Pertama, SETARA Institute mengecam keras terjadinya kasus pembubaran peribadatan di GKKD Bandar Lampung. Gangguan dan pembubaran atas peribadatan, yang dijamin oleh konstitusi, tidak dapat dibenarkan dengan alasan apapun.
Kedua, dalam konteks kasus GKKD, SETARA Institute mengapresiasi pihak kepolisian, khususnya Polresta Bandar Lampung, yang memberikan jaminan keamanan juga Pemda yang memberikan izin sementara selama 2 (dua) tahun kepada GKKD Bandar Lampung, sambil mengurus perizinan pendirian rumah ibadah. Langkah akomodatif dan fasilitatif semacam itu perlu direplikasi di berbagai kasus penolakan rumah ibadah, peribadatan, dan sarana peribadatan di daerah lain, seperti di Kabupaten Bogor, Kota Cilegon, Kabupaten Sukabumi, Kabupaten Sintang, Kota Depok, dan lain sebagainya.
Ketiga, Pemerintah Pusat hendaknya melakukan langkah progresif untuk membuktikan bahwa Pemerintah memiliki komitmen dan kewibawaan dalam menegakkan jaminan hak konstitusional warga negara atas kebebasan beragama/berkeyakinan dan kebebasan untuk beribadah.

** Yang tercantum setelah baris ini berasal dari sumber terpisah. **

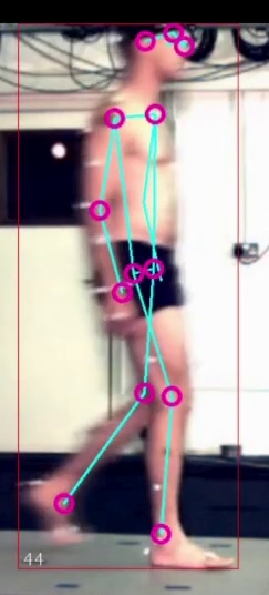 Pose estimation shows lines connecting some pairs of the 17 keypoints to draw a human stick figure and then rings are drawn on some of the keypoints. It seems that the keypoints identified with higher confidence get a ring, the ones with lower confidence don’t get a ring e.g. when the body part is obstructed or is on the other side of the body.
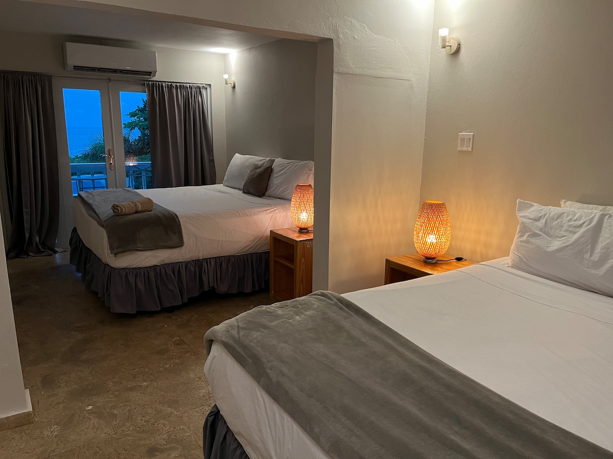 Tumakas sa tropikal na paraiso sa aming magandang 2 queen bed suite. Perpekto para sa mga pamilya o grupo ng mga kaibigan na may maximum na kapasidad na 4 na bisita. Kasama sa suite ang pribadong balkonahe na may tahimik na tanawin ng mga mayabong na puno at halaman. Kasama sa kuwarto ang maliit na refrigerator, coffee machine, TV, Wi - Fi, A/C, at hot water shower. Matatagpuan ang kuwarto sa loob ng self - catering guesthouse at naa - access lang ito sa pamamagitan ng mga hagdan. Mainam para sa alagang hayop, walang paninigarilyo. Karagdagang impormasyon sa site.
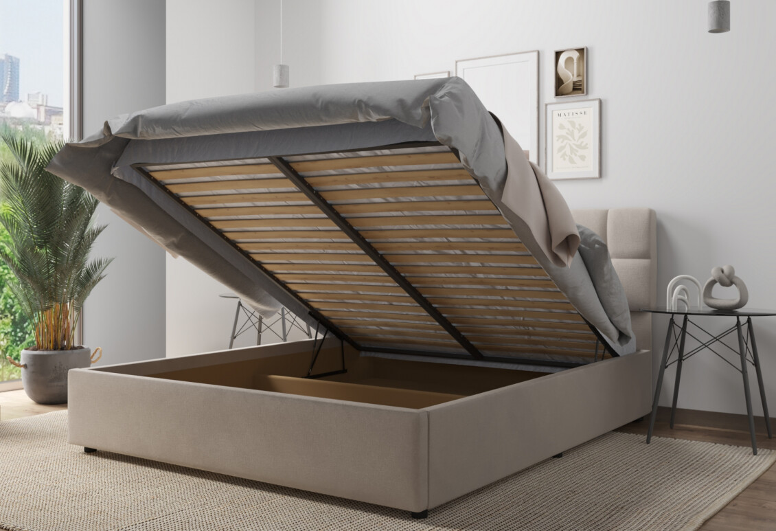 - Тип двоспального ліжка: підйомний механізм, подіум – зручність використання та додатковий простір для зберігання.
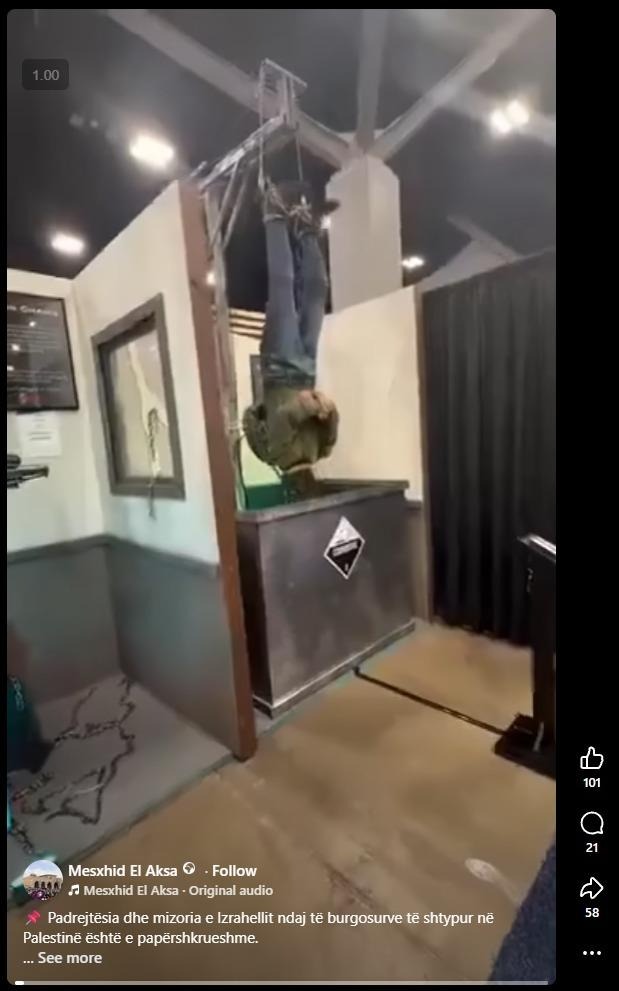 Një video që pretendohet të tregojë torturat që po kryhen ndaj të burgosurve palestinezë nga ushtria izraelite po qarkullon së fundi në Facebook në gjuhën shqipe. Pamjet shfaqen një njeri të prangosur me fytyrën të mbuluar nga një maskë dhe këmbët e lidhura me litar, i cili zhytet në një vaskë me kimikate. Më pas, figura del nga vaska me fytyrën e shpërfytyruar. Faqja e ka shpërndarë këtë video me mbishkrimin: “Padrejtësia dhe mizoria e Izraelit ndaj të burgosurve të shtypur në Palestinë,” pra duke pretenduar se këtu bëhet për videon e një torture.
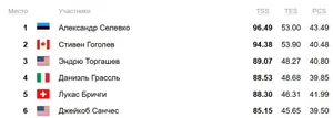 Стивен Гоголев — сын русских, эмигрировавших в Канаду. В олимпийском Милане занял 5-е место, здесь же наверняка желает улучшить тот результат. И первый шажок сделан: очень уверенное выступление с двумя квадами, хоть и не с самыми сложными. Все непрыжковые — четвертые уровни.
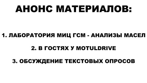 АНОНС МАТЕРИАЛОВ: ЛАБОРАТОРИЯ МИЦ ГСМ АНАЛИЗЫ МАСЕЛ, В ГОСТЯХ У MOTULDRIVE, ОБСУЖДЕНИЕ ОПРОСОВ.
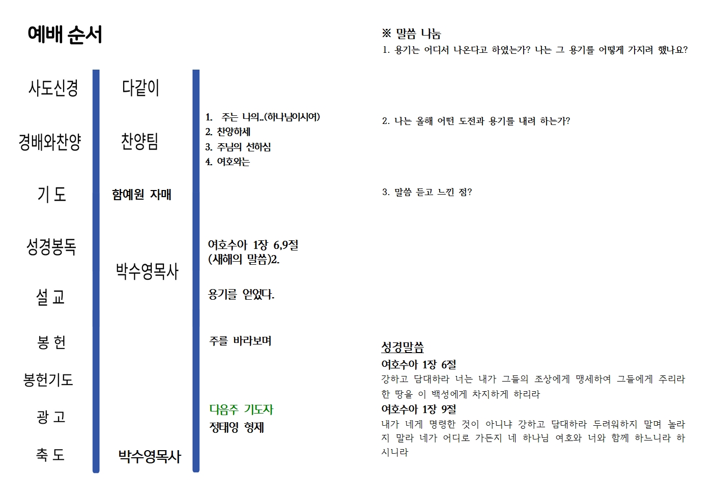 2026년 1월 11일 청청예배주보

Antara lain dengan revisi PBM 2 Menteri, khususnya dengan mencabut syarat administratif dukungan 90 orang Jemaat dan 60 orang di luar Jemaat, perubahan paradigma pengaturan peribadatan dan pendirian rumah ibadah dari pembatasan ke fasilitasi, dan pergeseran peran FKUB ke perwujudan dan pemeliharaan kerukunan dengan memperluas fungsi-fungsi kampanye toleransi, penyediaan ruang-ruang perjumpaan lintas agama, serta mitigasi dan resolusi konflik yang mengganggu kerukunan antar agama, termasuk mediasi dan resolusi jika terjadi kasus penolakan peribadatan dan pendirian tempat dan rumah ibadah.